## Activity
Excluding pictures, what does the listing below contain from the line with "membre de l’OTRO" up to and including the line with "2026哈49中学七年级下英语期中试卷及答案", word for word?

## Data for processing
/---

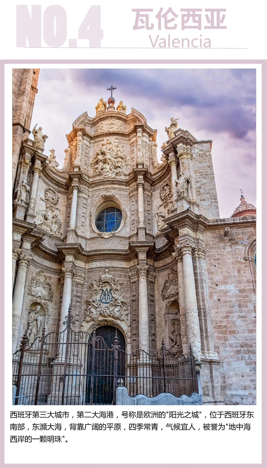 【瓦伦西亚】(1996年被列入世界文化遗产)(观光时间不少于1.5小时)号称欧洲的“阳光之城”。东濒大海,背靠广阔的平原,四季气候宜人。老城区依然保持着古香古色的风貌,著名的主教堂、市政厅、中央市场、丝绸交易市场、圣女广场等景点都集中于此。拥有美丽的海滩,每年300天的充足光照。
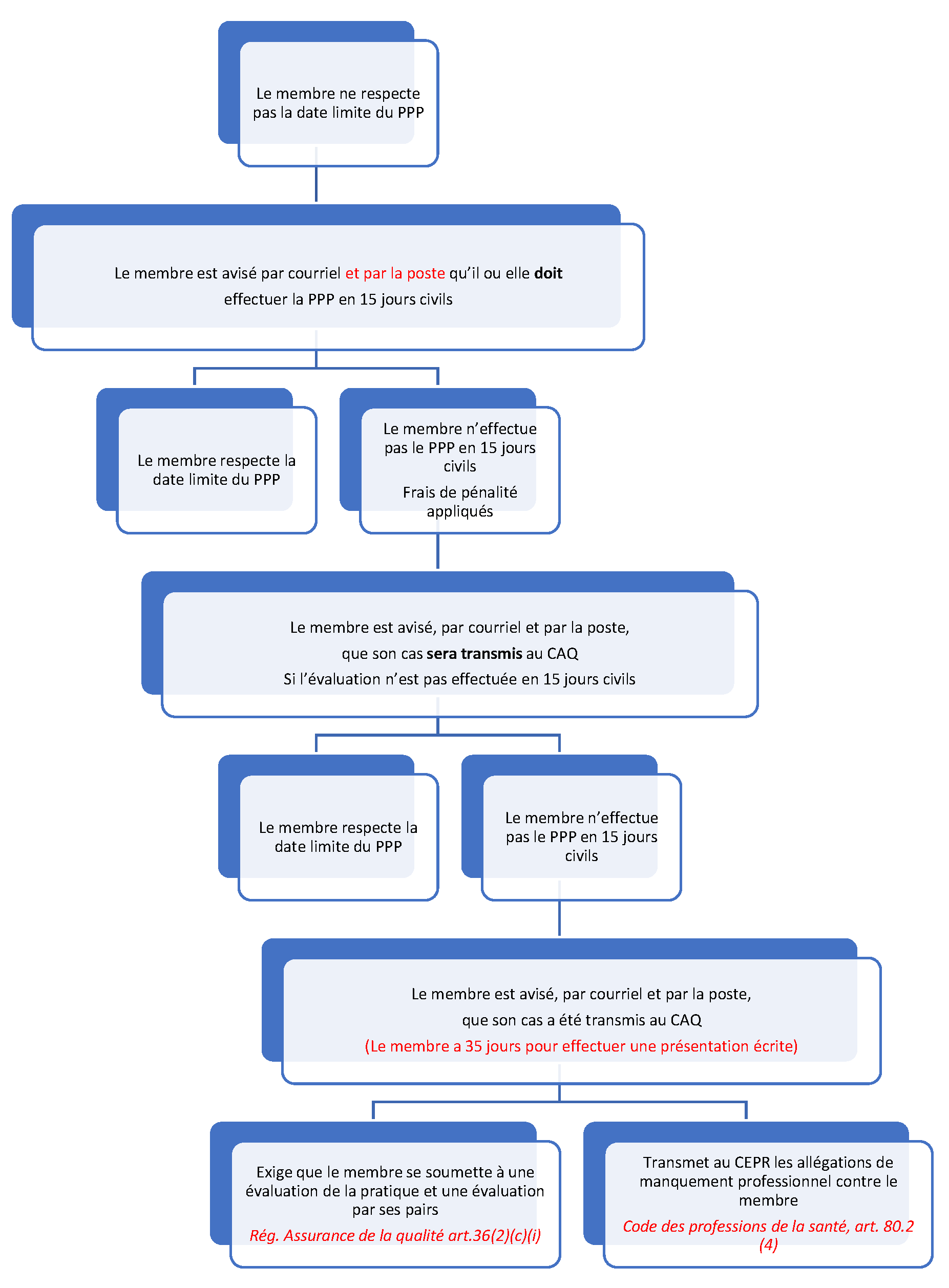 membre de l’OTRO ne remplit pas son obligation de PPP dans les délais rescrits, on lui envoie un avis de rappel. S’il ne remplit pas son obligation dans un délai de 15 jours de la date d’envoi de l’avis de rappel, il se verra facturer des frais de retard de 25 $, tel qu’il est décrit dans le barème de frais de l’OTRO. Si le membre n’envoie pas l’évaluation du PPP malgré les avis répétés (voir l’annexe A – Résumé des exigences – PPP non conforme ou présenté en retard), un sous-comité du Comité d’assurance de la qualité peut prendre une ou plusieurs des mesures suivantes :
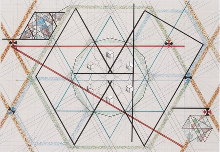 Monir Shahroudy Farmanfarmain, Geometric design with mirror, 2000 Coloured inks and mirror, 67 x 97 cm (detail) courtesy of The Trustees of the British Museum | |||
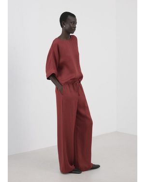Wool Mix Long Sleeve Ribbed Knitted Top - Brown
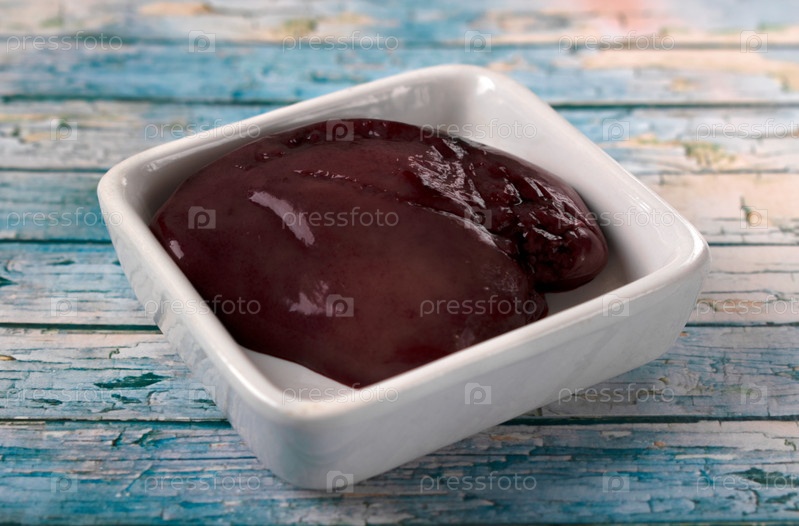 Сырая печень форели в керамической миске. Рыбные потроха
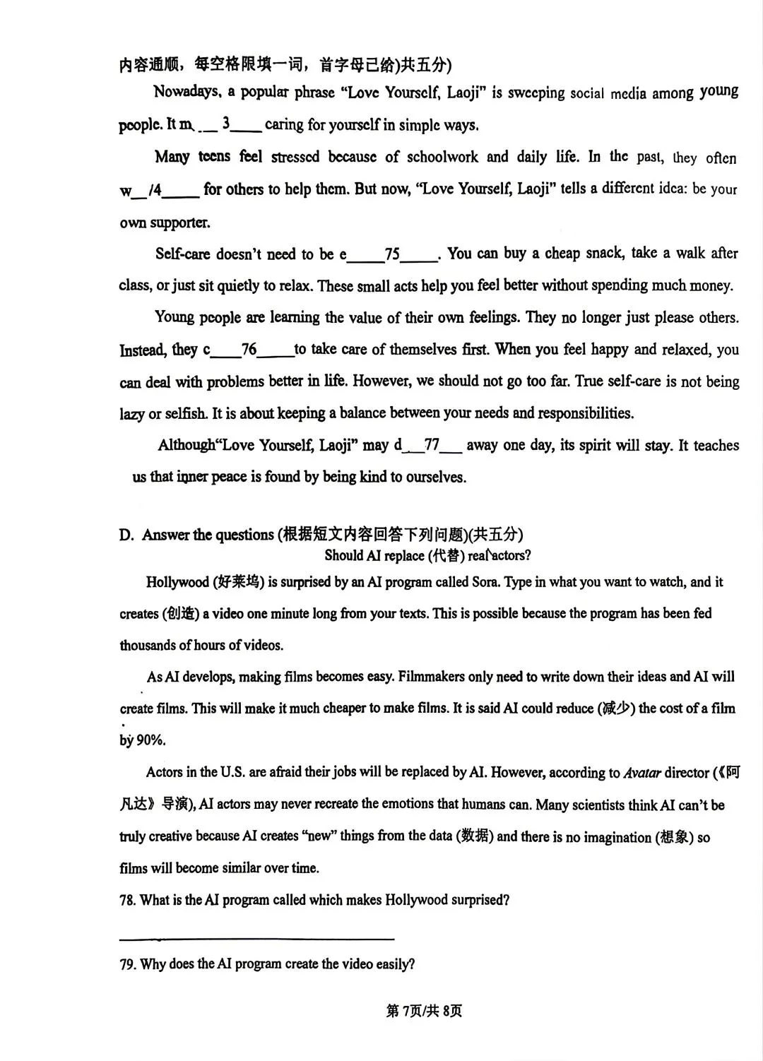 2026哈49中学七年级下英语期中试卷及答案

\---
/---

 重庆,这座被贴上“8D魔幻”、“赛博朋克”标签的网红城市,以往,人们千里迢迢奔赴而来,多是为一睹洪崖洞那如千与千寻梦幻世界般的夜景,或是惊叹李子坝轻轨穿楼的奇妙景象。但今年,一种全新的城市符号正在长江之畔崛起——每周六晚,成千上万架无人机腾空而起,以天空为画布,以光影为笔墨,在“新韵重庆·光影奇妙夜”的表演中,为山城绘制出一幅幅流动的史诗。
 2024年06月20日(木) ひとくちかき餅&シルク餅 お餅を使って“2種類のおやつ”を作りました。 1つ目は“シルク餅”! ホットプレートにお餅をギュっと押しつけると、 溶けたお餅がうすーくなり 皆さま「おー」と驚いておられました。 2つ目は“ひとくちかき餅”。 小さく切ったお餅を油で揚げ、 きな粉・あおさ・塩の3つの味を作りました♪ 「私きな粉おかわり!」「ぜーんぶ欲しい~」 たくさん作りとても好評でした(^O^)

\---

## Finished task
 membre de l’OTRO ne remplit pas son obligation de PPP dans les délais rescrits, on lui envoie un avis de rappel. S’il ne remplit pas son obligation dans un délai de 15 jours de la date d’envoi de l’avis de rappel, il se verra facturer des frais de retard de 25 $, tel qu’il est décrit dans le barème de frais de l’OTRO. Si le membre n’envoie pas l’évaluation du PPP malgré les avis répétés (voir l’annexe A – Résumé des exigences – PPP non conforme ou présenté en retard), un sous-comité du Comité d’assurance de la qualité peut prendre une ou plusieurs des mesures suivantes :
 Monir Shahroudy Farmanfarmain, Geometric design with mirror, 2000 Coloured inks and mirror, 67 x 97 cm (detail) courtesy of The Trustees of the British Museum | |||
Wool Mix Long Sleeve Ribbed Knitted Top - Brown
 Сырая печень форели в керамической миске. Рыбные потроха
 2026哈49中学七年级下英语期中试卷及答案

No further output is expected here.